Figure 1 schematically shows an integrated reactor for the thermal pyrolysis coupled with in-situ hydrogenation of the present invention; and

Figure 2 shows a flow diagram of the inventive process for making ethylene from natural gas.


[0042]  As described above, this combined thermal pyrolysis and in-situ hydrogenation can serve as a compact single unit operation to produce ethylene from natural gas with an economically acceptable yield as shown in Figure 1.

[0043]  To have a higher conversion of methane per pass, the HOECHST two-stage pyrolysis scheme and condition is selected for this embodiment. The general process scheme is shown in Figure 2 below. Methane obtained from natural gas is combined with unconverted methane recovered from reactor effluent and is preheated to 600°C. An oxygen stream is also preheated before feeding to the reactor. The reactor effluent of CO and hydrogen will be used as a fuel gas for feed preheating and steam generation. The preheated methane is split into two streams one is fed to mixing zone at a stoichiometric ratio with oxygen feed for complete combustion to supply the necessary heat for the endothermic reaction in the pyrolysis zone. The other methane stream is fed to the pyrolysis zone directly.

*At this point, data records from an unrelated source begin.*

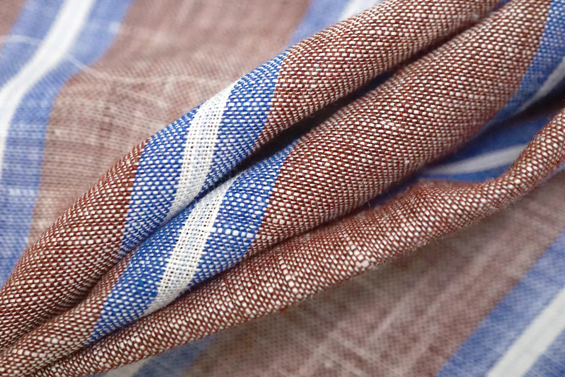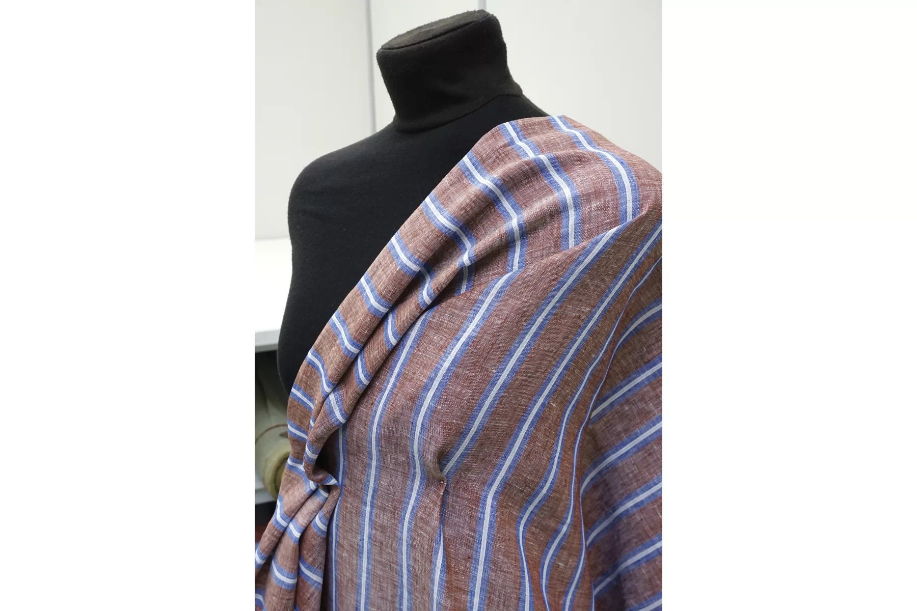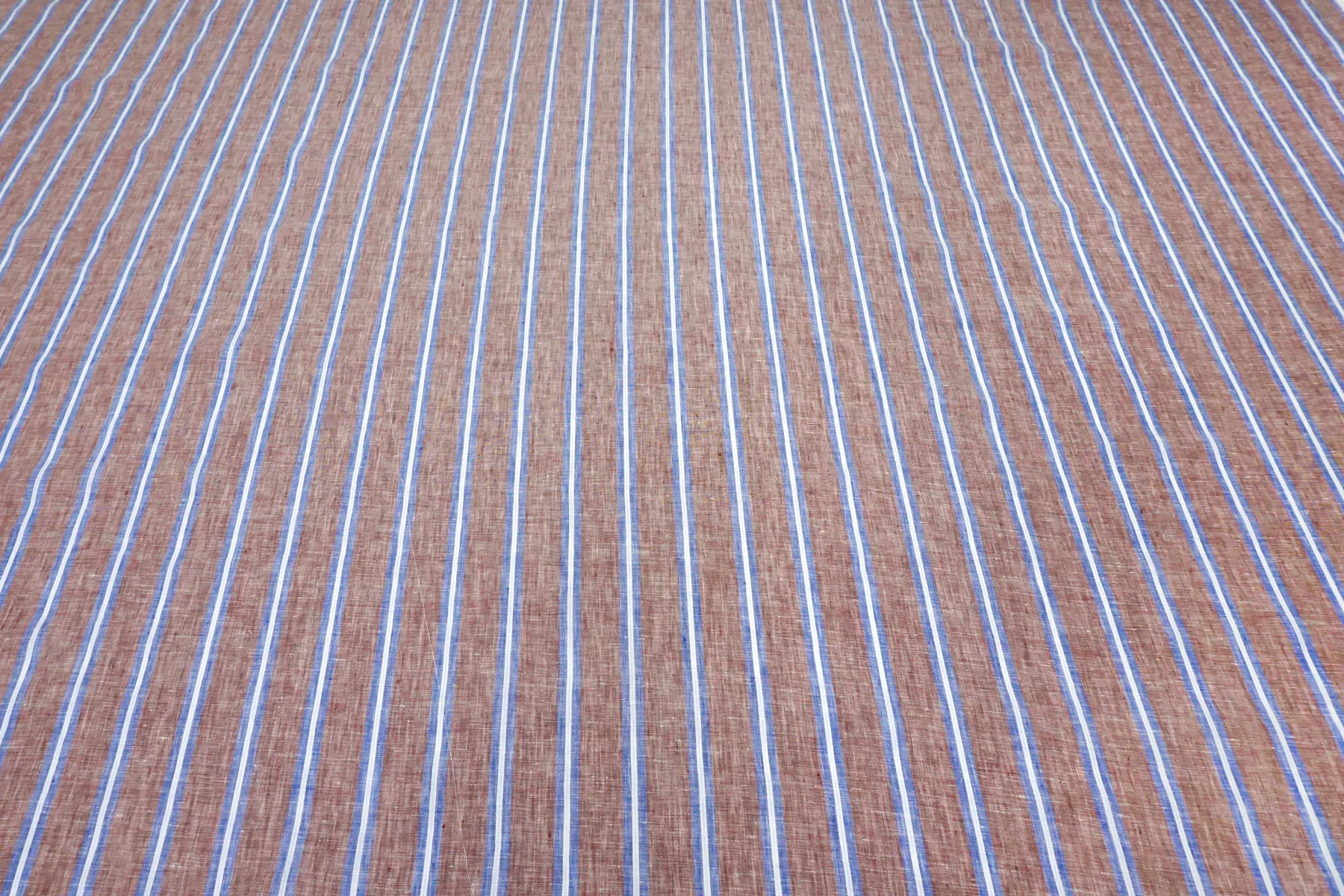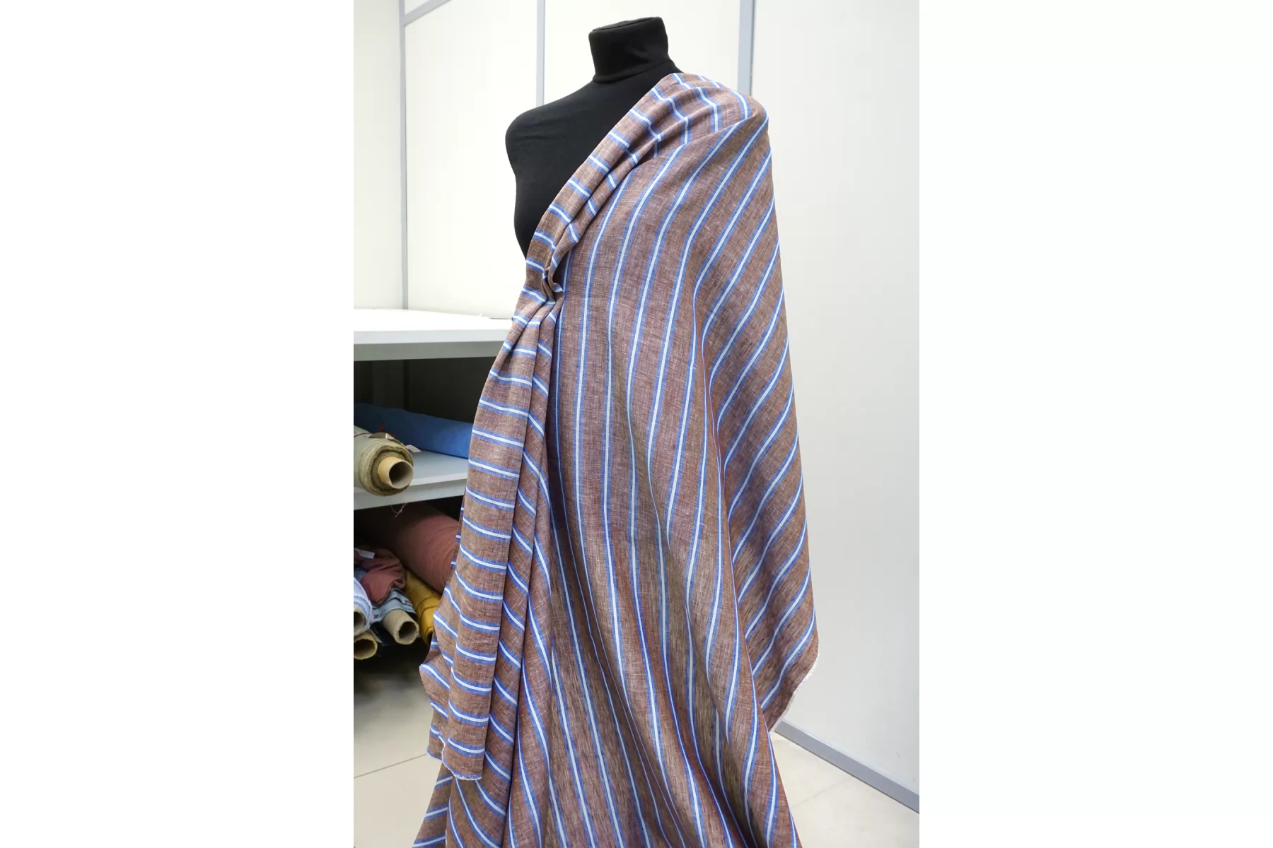 Прекрасный костюмно-плательный лён полотняного плетения, нити бордового, белого, сине-голубого и белого цвета, узор-полоска расположен вдоль кромки. Приятный и очень мягкий наощупь, немного суховатый, что свойственно льну, пластичный. Мнется. Не тянется. Минимально просвечивает немного в один слой. Хорошо драпируется и красиво смотрится в складке. Прекрасно подойдет на костюмы, платья, юбки и не только. При необходимости используйте подкладочный материал.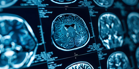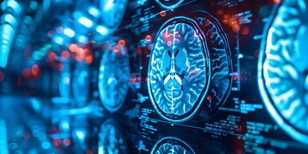 Medical diagnostic screens display detailed brain MRI scans, highlighting AI's role in enhancing precision and speed in healthcare diagnostics
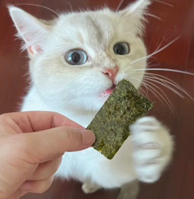 很多铲屎官吃海苔时,会被猫咪凑过来蹭手、歪头盯的模样打动,忍不住想分一片给它

[0044]  In the mixing zone the reactor wall can be protected from high temperature by a steam curtain if necessary.

[0045]  In the mixing zone the temperature ranges between 900°C-2000°C. In the pyrolysis section the preheated methane is quickly mixed with effluents from the mixing zone at 1300°C-1600°C to form acetylene. The desired residence time in the pyrolysis section is controlled in the range of 3 and 30 milliseconds, preferably between 5 and 10 milliseconds. The pressure is set between 0.5-5 atmosphere and preferably 2 atmospheres. Up to this point the traditional two stage pyrolysis is implemented.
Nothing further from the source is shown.